August 22, 2018

Reminder: Net Neutrality matters

For people who might be thinking that Net Neutrality is an abstract, purely theoretical thing that will never impact them directly, we now have a very stark demonstration of exactly why and how it can become a matter of life and death.

From arstechnica:
A fire department whose data was throttled by Verizon Wireless while it was fighting California's largest-ever wildfire has rejected Verizon's claim that the throttling was just a customer service error and "has nothing to do with net neutrality."
[...]
Verizon yesterday acknowledged that it shouldn't have continued throttling Santa Clara County Fire Department's "unlimited" data service while the department was battling the Mendocino Complex Fire.

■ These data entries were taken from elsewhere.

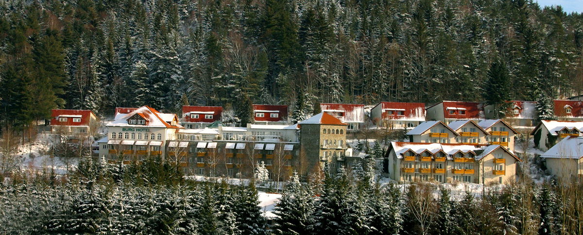 hotelový komplex s bazénem na klidném místě v Bavorském lese
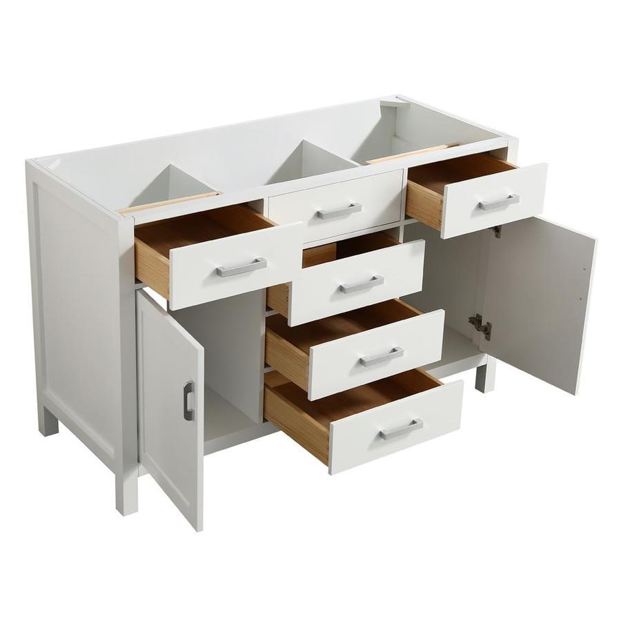 54 in. W x 21.5 in. D x 34.5 in. H Solid wood frame with MDF panels White painted finish 2 soft-closing doors with adjustable hinges so you'll never have to worry about hearing a door slam 5 soft-closing drawers with under-mount drawer glides to meet all your storage needs and 1 decorative faux drawer to complete the look Dove-tail construction drawer boxes for additional strength and stability Polished chrome finish hardware included Open back for easier installation Included: fully assembled base cabinet, hardware
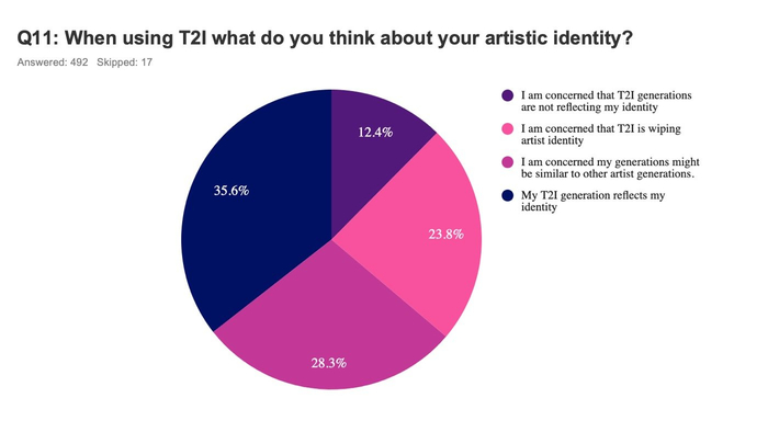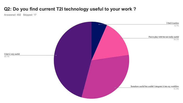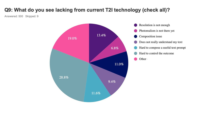 此外,艺术家们还对AI有着各种各样的批评。例如,仅有3成艺术家认为AI画图的版权不存在问题,而过半艺术家认为依然有版权隐忧。艺术家们还不满称,眼下的AI模型依然很难对最终产出进行精准控制,AI生成的分辨率与细节控制也无法满足他们的需求。

Verizon said the department had chosen an unlimited data plan that gets throttled to speeds of 200kbps or 600kbps after using 25GB a month but that Verizon failed to follow its policy of "remov[ing] data speed restrictions when contacted in emergency situations."

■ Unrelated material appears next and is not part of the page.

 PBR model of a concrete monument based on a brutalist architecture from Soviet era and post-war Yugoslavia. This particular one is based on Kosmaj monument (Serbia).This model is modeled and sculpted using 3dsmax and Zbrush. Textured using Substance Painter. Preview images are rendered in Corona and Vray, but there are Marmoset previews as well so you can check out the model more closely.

"This was a customer support mistake" and not a net neutrality issue, Verizon said.
Santa Clara County disputed Verizon's characterization of the problem in a press release last night. "Verizon's throttling has everything to do with net neutrality—it shows that the ISPs will act in their economic interests, even at the expense of public safety," County Counsel James Williams said on behalf of the county and fire department. "That is exactly what the Trump Administration's repeal of net neutrality allows and encourages."
I haven't any reports linking Verizon's greed directly to any injuries or deaths, but it's not hard at all to imagine a number of ways that this could have gone horribly, horribly wrong:
The throttling affected a device on a fire department vehicle that is "deployed to large incidents as a command and control resource" and is used to "track, organize, and prioritize routing of resources from around the state and country to the sites where they are most needed," Fire Chief Anthony Bowden wrote in a court declaration. Internet access is crucial "for events like large fires which require the rapid deployment and organization of thousands of personnel and hundreds of fire engines, aircraft, and bulldozers," he wrote.
Worse yet? Verizon didn't end the throttling until "after County Fire subscribed to a new, more expensive plan." And that, folks, is some serious corporate bullshit. Seriously, fuck Verizon.